The government proposes to transfer all of Air India Ltd.’s non-aviation assets and short-term loans of as much as 300 billion rupees ($4.7 billion) to a separate company, readying the airline for prospective buyers, the people said, asking not to be identified discussing confidential information. Authorities aim to kick off the bidding process before March 31, they said.
Such a move would mean the government absorbing the money-losing firm’s working capital loans, real estate from Tokyo to London and two hotels. The buyer will be left with aviation-related assets and about 200 billion rupees of loans borrowed to acquire aircraft, the people said. Finance Ministry spokesman D.S. Malik didn’t respond to calls seeking comment.

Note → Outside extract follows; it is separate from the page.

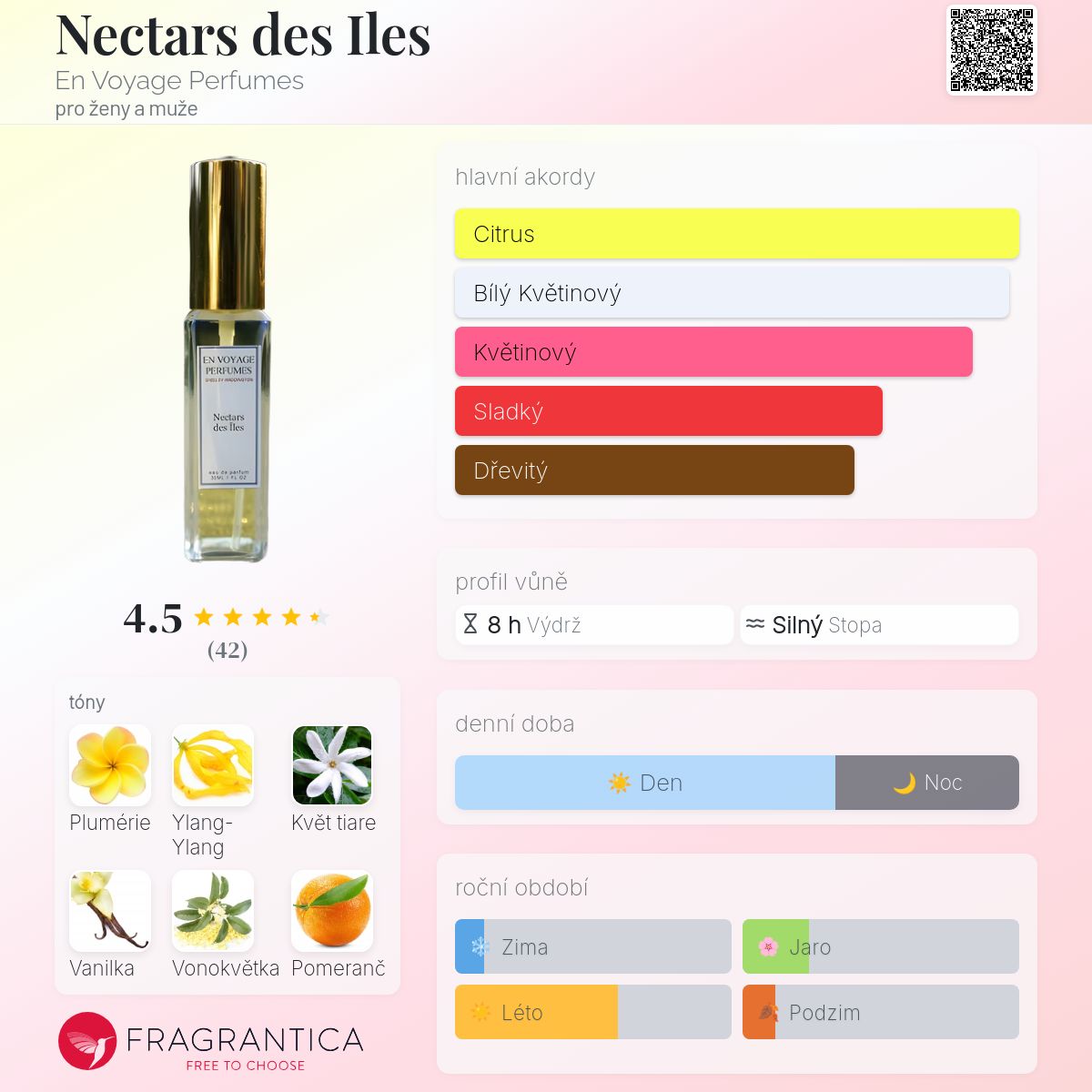 Nectars des Iles podle En Voyage Perfumes je Floral Fruity vůně pro ženy a muže. "Nosem" za touto vůní je Juan Perez. Vrchní tóny jsou Vonokvětka, Pomeranč, Mandarinka a Limetka; střední tóny jsouPlumérie, Ylang-Ylang, Květ tiare, Gardénie a Jasmín ; základní tóny jsou Vanilka, Santalové dřevo, Jantar (ambra) a Pižmo.

A successful sale of Air India is crucial for Modi, who wants to showcase his commitment to reducing the state’s role in business after many of his predecessors failed to dispose of the carrier in the face of stiff political opposition. A deal would help cement Modi’s image as a business-friendly leader after Moody’s Investor Service upgraded the country’s credit rating on Nov. 17.
Air India has a combined workforce of 27,000 and labor unions with a history of strikes and grounded flights. It has been unprofitable since its 2007 merger with state-owned domestic operator Indian Airlines Ltd. The company made an operating profit of about 1 billion rupees in the year through March 2016, primarily aided by a slump in oil prices. It still posted a net loss of 38.4 billion rupees, according to the government.
In 2012, the government bailed out the ailing carrier with 300 billion rupees in funds, guaranteeing the carrier’s loans and promising interest payment on some debt. But Air India’s need for working capital exceeded that.
Foreign airlines will be allowed to bid, though their holding will be capped at 49 percent, the people said.
IndiGo, India’s biggest commercial airline that is operated by InterGlobe Aviation Ltd., said in June it was willing to buy Air India’s international operations, or even the entire airline business, while travel and aviation firm Bird Group has shown interest in bidding for the carrier’s ground handling business.
In an advertisement in September, the government sought to appoint as many as two banks or financial institutions as advisers and managers to the sale.